Print the line that contains "포인트 사용 가능 비율이", then every line after it until the entries end, exactly as they read; do not include pictures.

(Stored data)
┄┄┄┄┄┄

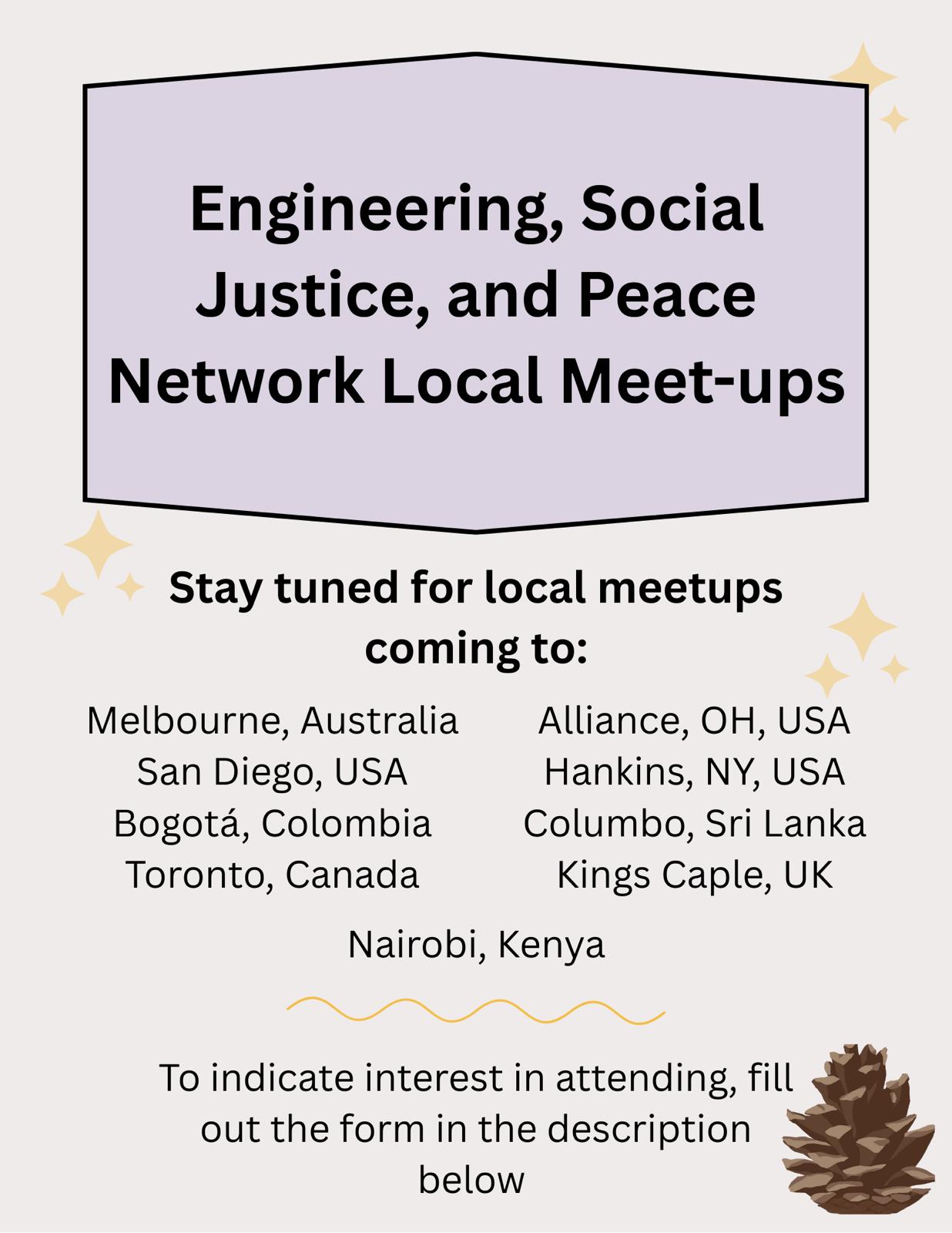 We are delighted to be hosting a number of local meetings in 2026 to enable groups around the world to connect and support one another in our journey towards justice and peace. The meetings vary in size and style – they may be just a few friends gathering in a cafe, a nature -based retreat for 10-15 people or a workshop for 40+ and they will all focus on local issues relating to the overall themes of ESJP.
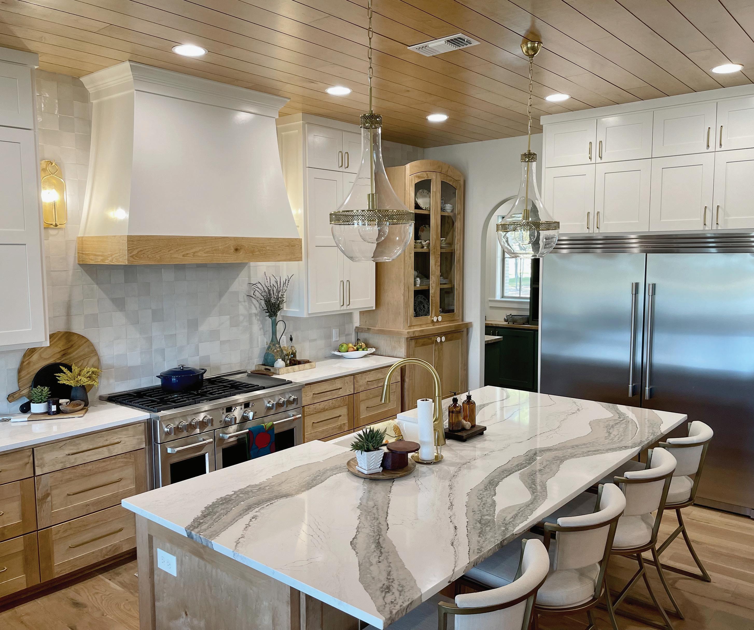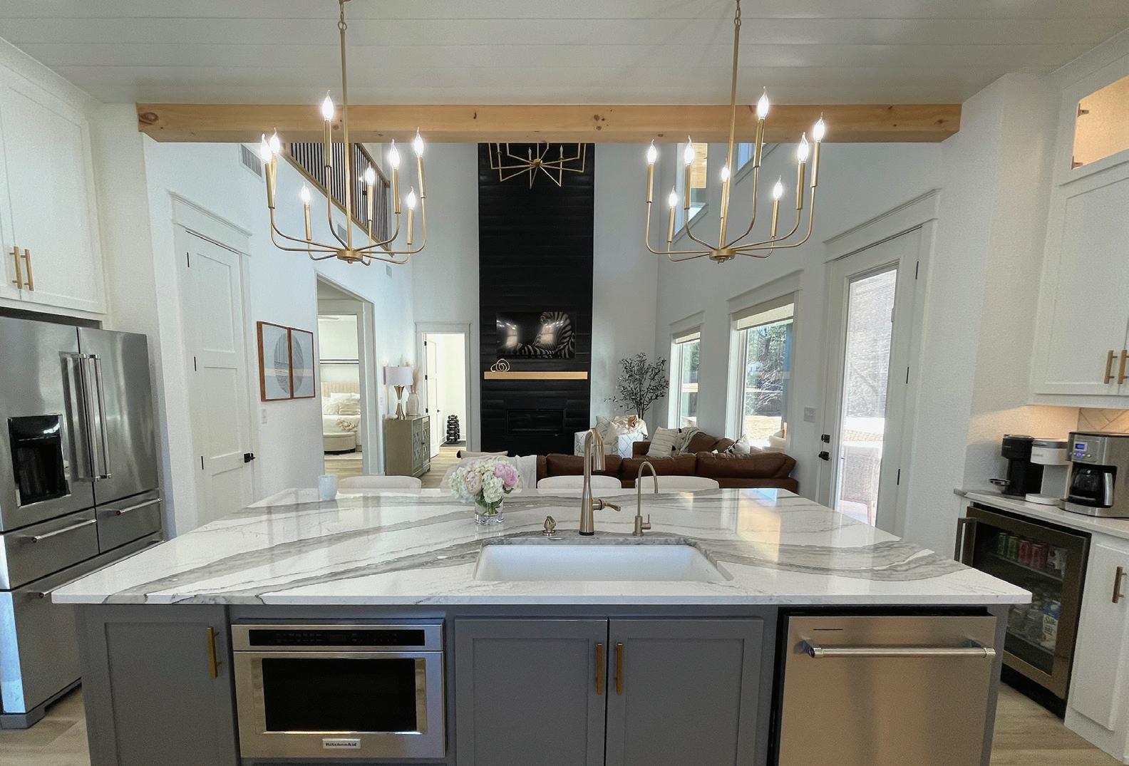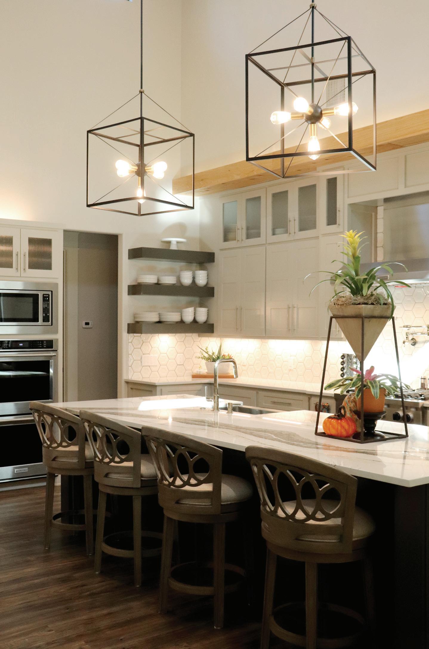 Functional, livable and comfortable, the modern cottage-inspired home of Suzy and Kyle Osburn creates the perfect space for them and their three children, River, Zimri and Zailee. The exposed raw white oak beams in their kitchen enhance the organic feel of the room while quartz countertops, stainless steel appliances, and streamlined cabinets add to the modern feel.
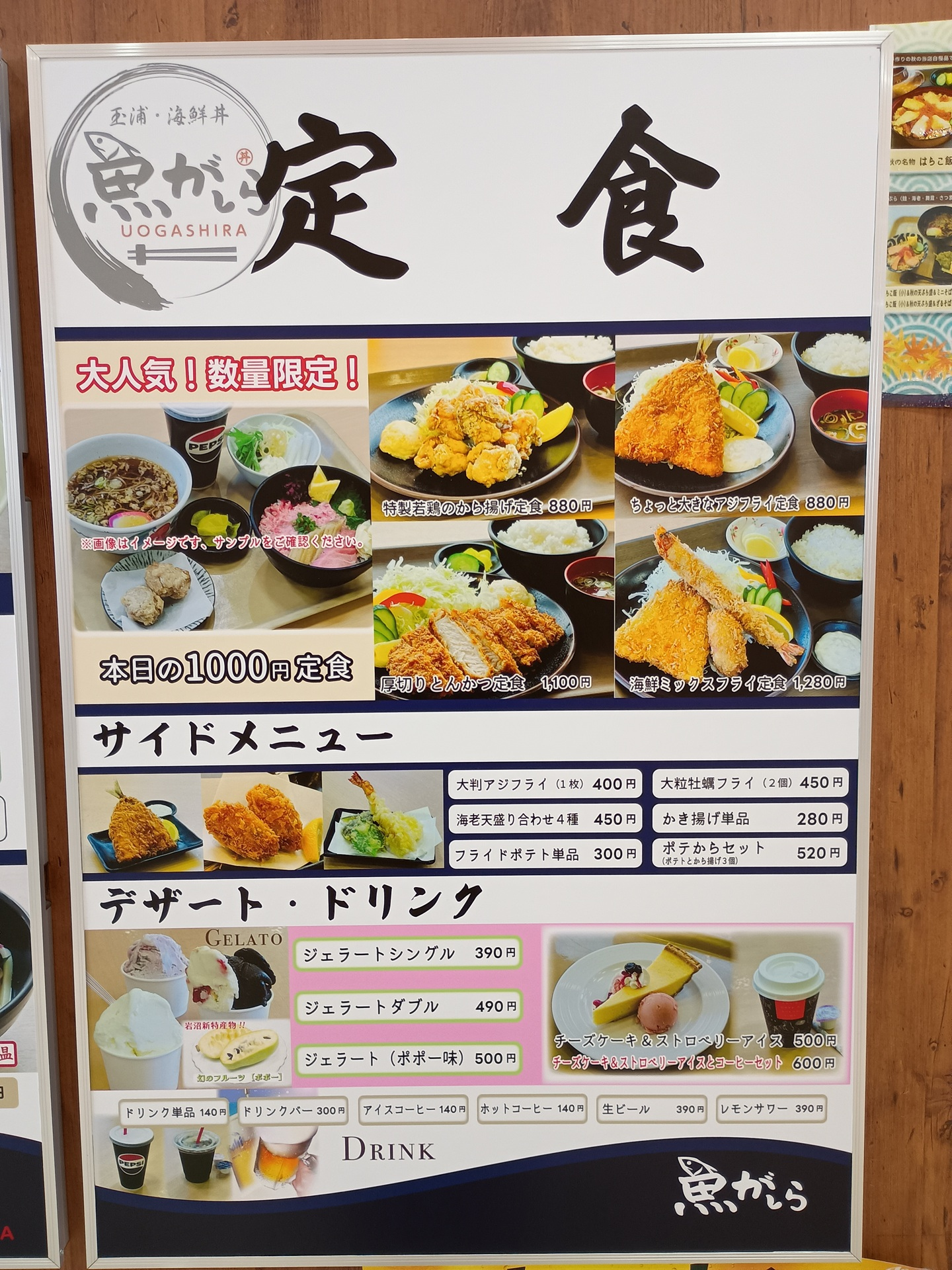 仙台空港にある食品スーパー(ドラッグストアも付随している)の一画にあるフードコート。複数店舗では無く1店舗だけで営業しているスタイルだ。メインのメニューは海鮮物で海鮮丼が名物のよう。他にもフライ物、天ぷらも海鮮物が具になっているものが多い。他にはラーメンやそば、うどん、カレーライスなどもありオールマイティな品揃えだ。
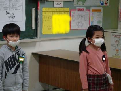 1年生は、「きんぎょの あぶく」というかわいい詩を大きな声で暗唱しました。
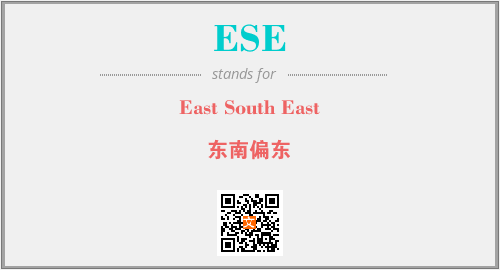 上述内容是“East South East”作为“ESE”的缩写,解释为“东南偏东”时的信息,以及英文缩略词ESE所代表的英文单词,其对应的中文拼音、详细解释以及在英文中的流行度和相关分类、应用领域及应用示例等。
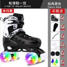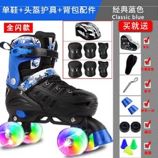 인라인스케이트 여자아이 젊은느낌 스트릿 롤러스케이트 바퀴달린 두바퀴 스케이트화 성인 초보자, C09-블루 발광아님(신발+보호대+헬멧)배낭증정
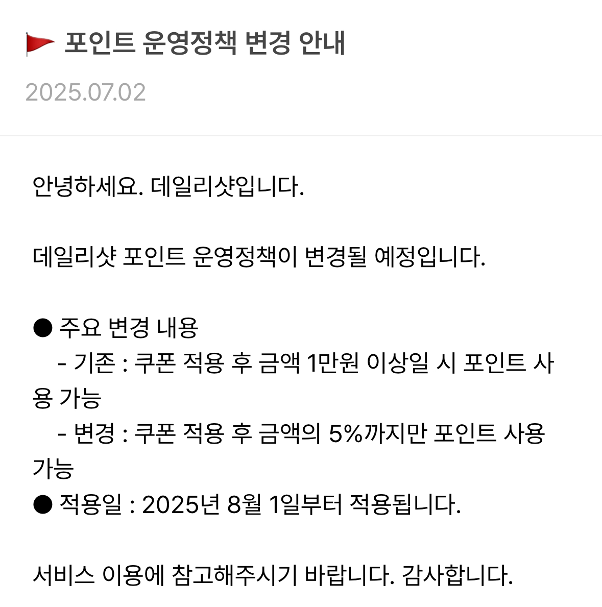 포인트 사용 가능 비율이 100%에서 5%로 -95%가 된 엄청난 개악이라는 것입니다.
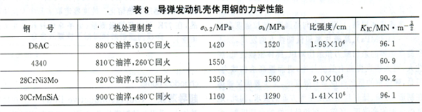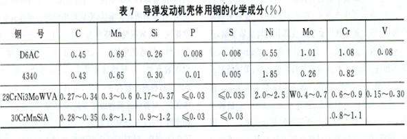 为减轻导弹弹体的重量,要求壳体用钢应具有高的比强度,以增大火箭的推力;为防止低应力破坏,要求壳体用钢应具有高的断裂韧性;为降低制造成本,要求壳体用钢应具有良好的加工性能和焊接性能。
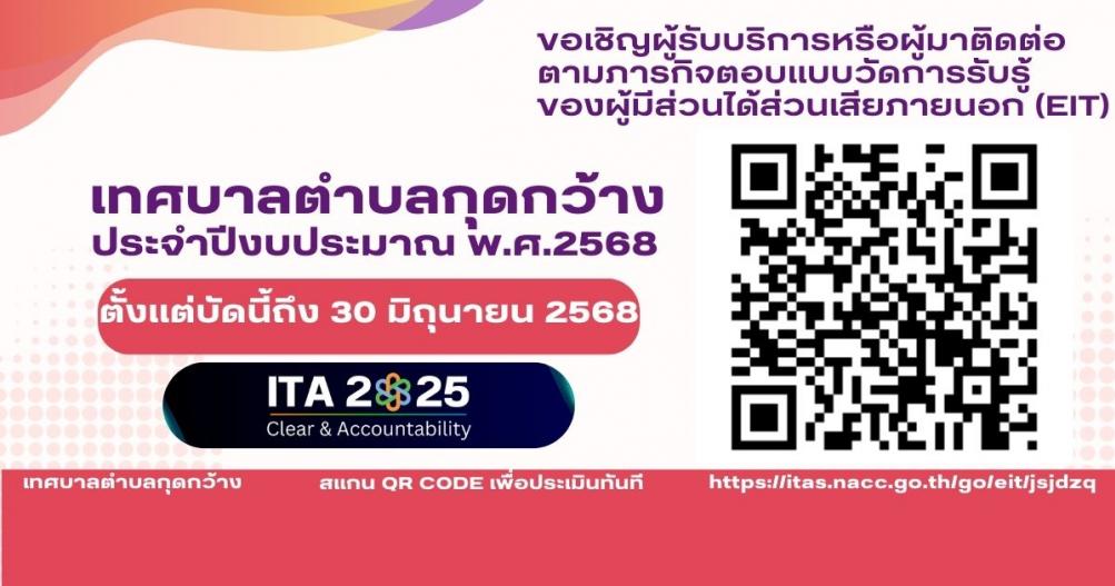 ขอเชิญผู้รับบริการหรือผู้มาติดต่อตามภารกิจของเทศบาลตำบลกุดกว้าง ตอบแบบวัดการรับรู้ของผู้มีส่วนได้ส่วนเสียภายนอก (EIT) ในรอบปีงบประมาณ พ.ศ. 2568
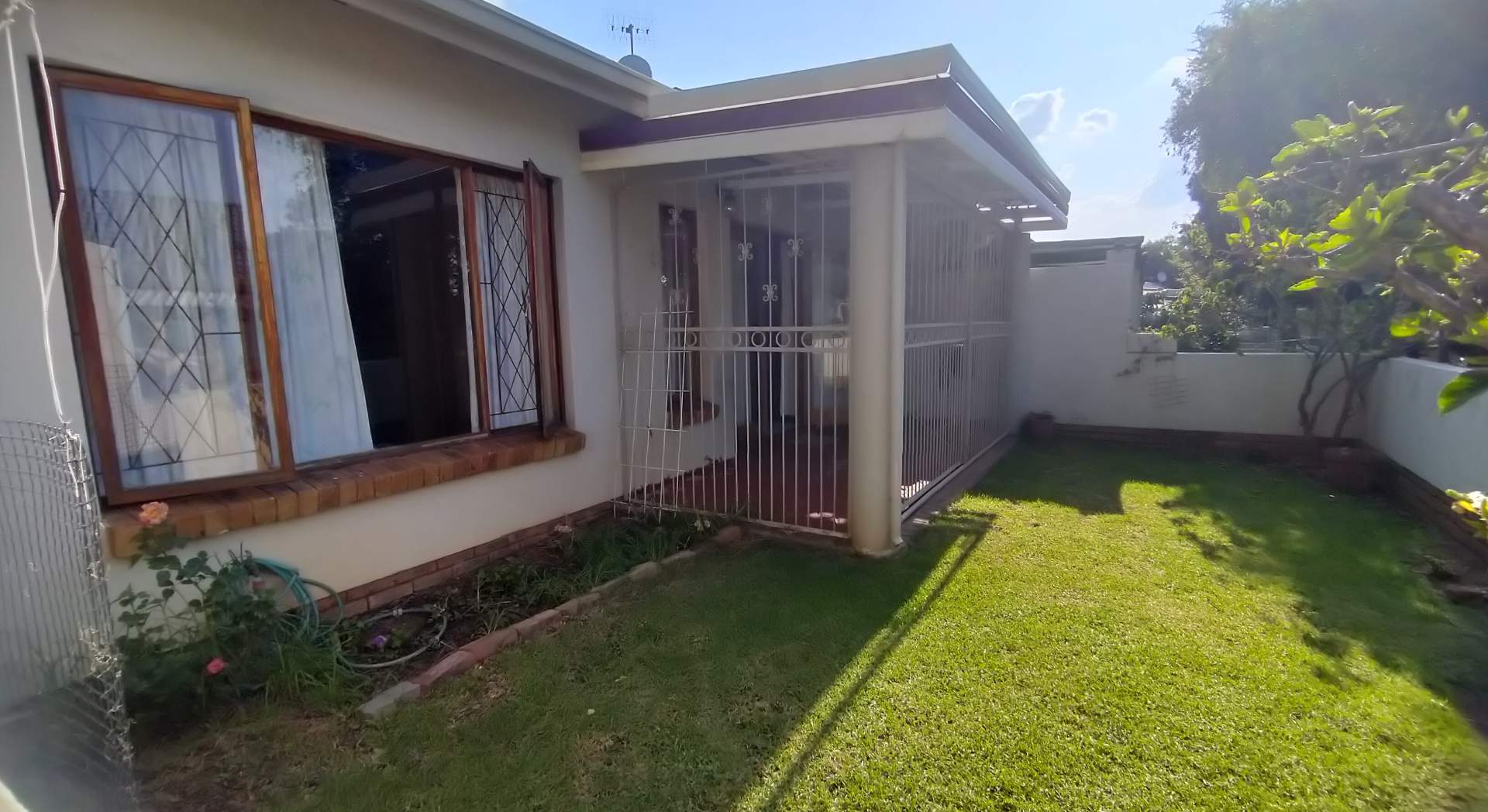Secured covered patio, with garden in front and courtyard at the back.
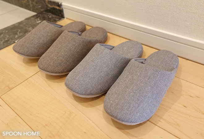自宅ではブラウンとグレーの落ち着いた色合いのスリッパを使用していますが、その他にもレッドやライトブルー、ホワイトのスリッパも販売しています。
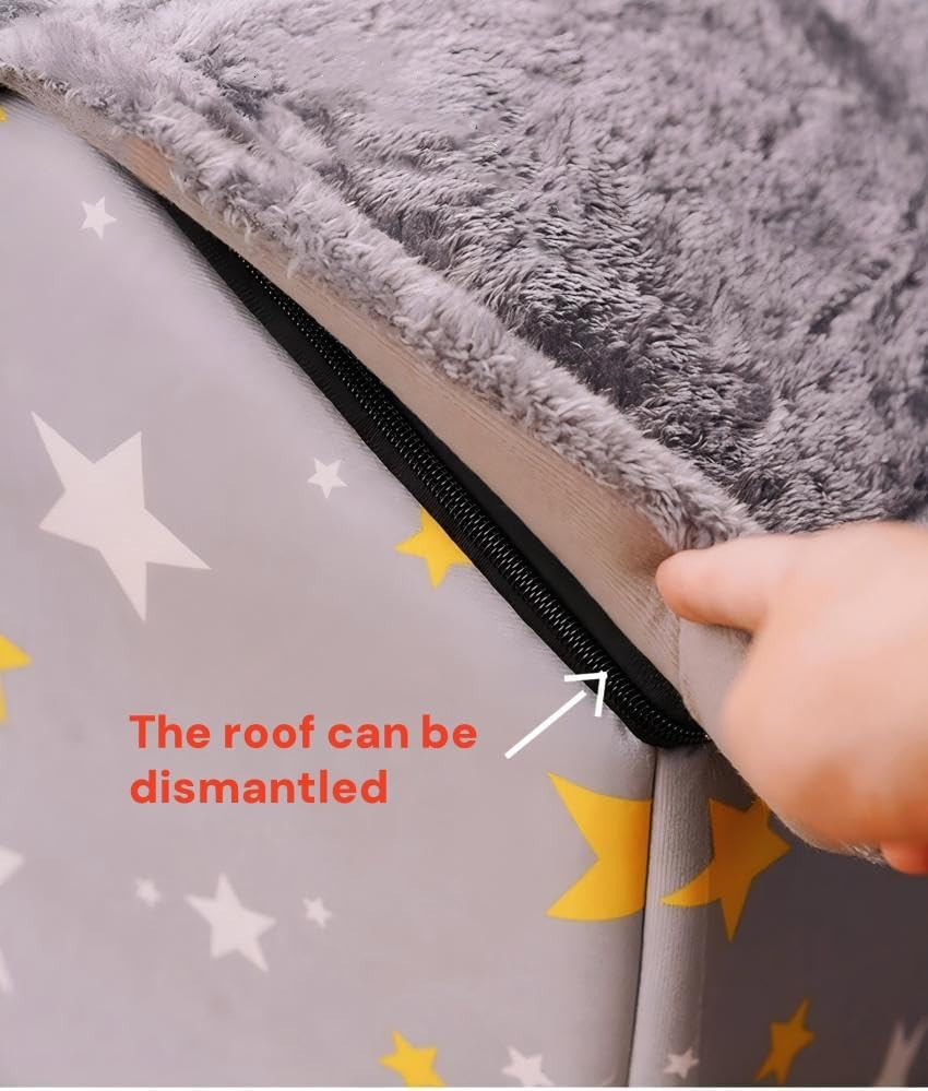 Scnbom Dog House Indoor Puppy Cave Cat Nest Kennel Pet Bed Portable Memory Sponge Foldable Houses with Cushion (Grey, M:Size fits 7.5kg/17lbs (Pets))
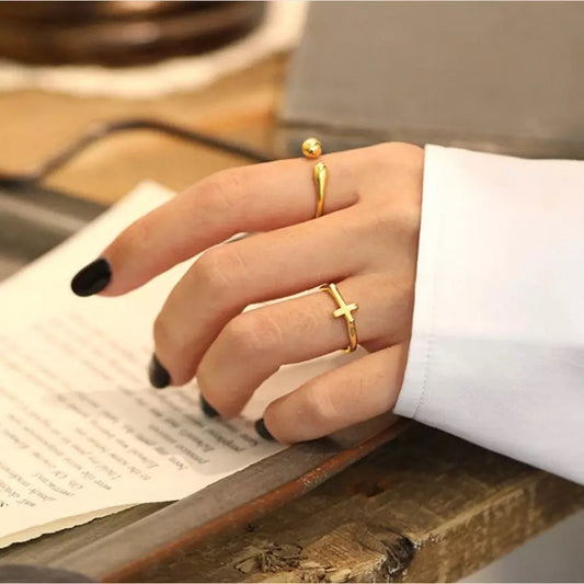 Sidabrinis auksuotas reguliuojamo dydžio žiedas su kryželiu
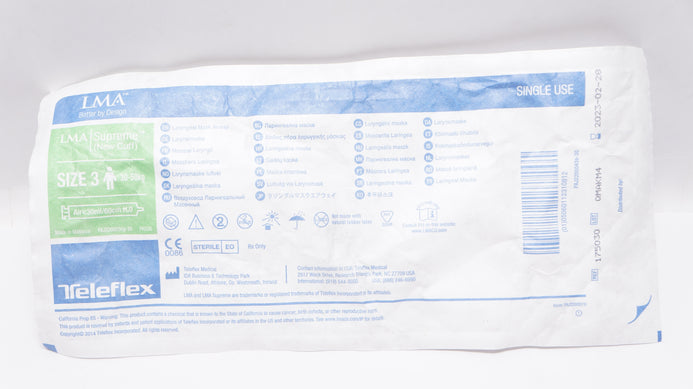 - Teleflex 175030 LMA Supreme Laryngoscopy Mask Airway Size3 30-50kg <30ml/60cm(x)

┄┄┄┄┄┄

RESPONSE FOR THIS EXERCISE:
 포인트 사용 가능 비율이 100%에서 5%로 -95%가 된 엄청난 개악이라는 것입니다.
 为减轻导弹弹体的重量,要求壳体用钢应具有高的比强度,以增大火箭的推力;为防止低应力破坏,要求壳体用钢应具有高的断裂韧性;为降低制造成本,要求壳体用钢应具有良好的加工性能和焊接性能。
 ขอเชิญผู้รับบริการหรือผู้มาติดต่อตามภารกิจของเทศบาลตำบลกุดกว้าง ตอบแบบวัดการรับรู้ของผู้มีส่วนได้ส่วนเสียภายนอก (EIT) ในรอบปีงบประมาณ พ.ศ. 2568
Secured covered patio, with garden in front and courtyard at the back.
自宅ではブラウンとグレーの落ち着いた色合いのスリッパを使用していますが、その他にもレッドやライトブルー、ホワイトのスリッパも販売しています。
 Scnbom Dog House Indoor Puppy Cave Cat Nest Kennel Pet Bed Portable Memory Sponge Foldable Houses with Cushion (Grey, M:Size fits 7.5kg/17lbs (Pets))
 Sidabrinis auksuotas reguliuojamo dydžio žiedas su kryželiu
 - Teleflex 175030 LMA Supreme Laryngoscopy Mask Airway Size3 30-50kg <30ml/60cm(x)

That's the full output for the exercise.